La bambine, ravissante, laissait pendre ses petons dans leurs gros brodequins à semelle de tilleul. Un vieux chapeau de paille ombrageait l’ébouriffement blond de ses cheveux. Entre ses menottes rouges l’accordéon s’allongeait, puis se ramassait, et scandait du même rythme sautillant la ribambelle infatigable des chansons monotones. Autour d’elle, les vaches et les chèvres dispersées faisaient sonnailler leurs cloches. Et les clochettes des narcisses carillonnaient leurs parfums.

— « Veille bien ! » répéta Maxime, étonné lui-même de sa méfiance.

César ne quittait pas des yeux le ciel chargé qui semblait glisser d’une seule pièce, sous la poussée d’un vent de fournaise. Parfois, les créneaux de la muraille démêlaient un nuage plus bas que les autres.

Au son d’une clarine violemment secouée, Maxime détourna son regard de la chanteuse.

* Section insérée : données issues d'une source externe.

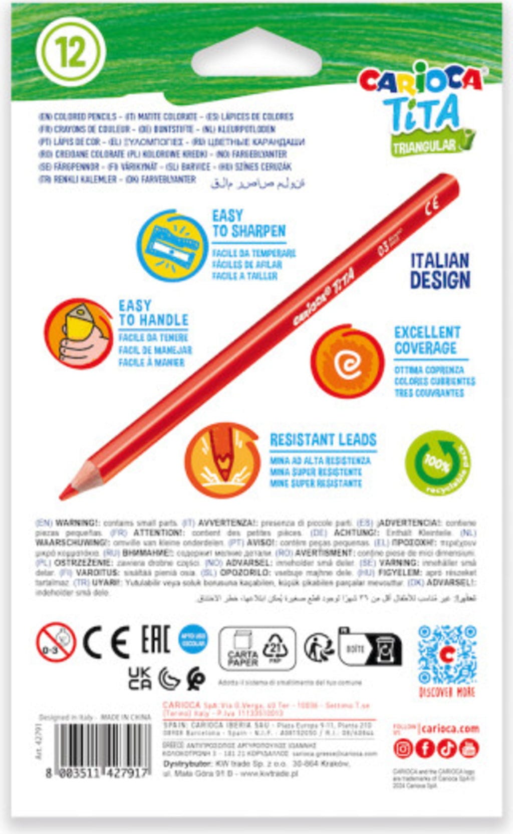 Carioca Tita Maxi Driehoekige Kleurpotloden, 12 Stuks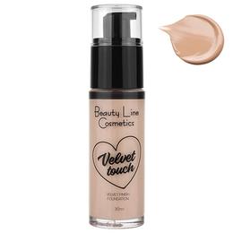 Fond de Ten Lichid - Cream Team Velvet Touch Finish Foundation Beauty Line Cosmetics, nuanta BL44 014 Nr. 04 Warm Beige, 30 ml: cu o textura matasoasa si hidratanta, se intinde foarte bine si uniformizeaza nuanta tenului. Fondul de ten Velvet Touch acopera imperfectiunile, ofera stralucire tenului si este rezistent la transfer. Produsul este potrivit pentru toate tipurile de ten.

— « Hé ! » dit le berger, « vica la Rodzetta qué s’éfra ! »

« La Rodzetta » c’était une chèvre rousse qui, s’étant écartée, revenait au galop, avec des bonds et des bêlements. — Est-ce que…

Est-ce qu’elle n’avait pas l’air de fuir ?… d’être poursuivie ?…

Maxime leva les yeux, et fut rassuré. Le ciel était désert ; il s’écoulait toujours uniformément, tel un fleuve renversé de plomb fondu, bas et chaud, — mais désert.

Césarine chantait à l’envi… Mais tout à coup sa mélopée s’aiguisa en un cri perçant. L’accordéon se tut et tomba…

Debout sur le roc et bouleversée de gestes fous, convulsionnée dans une attaque d’épilepsie ou dansant une sinistre danse de Saint-Guy, la petite frappait l’air en tous sens et poussait d’affreux hurlements.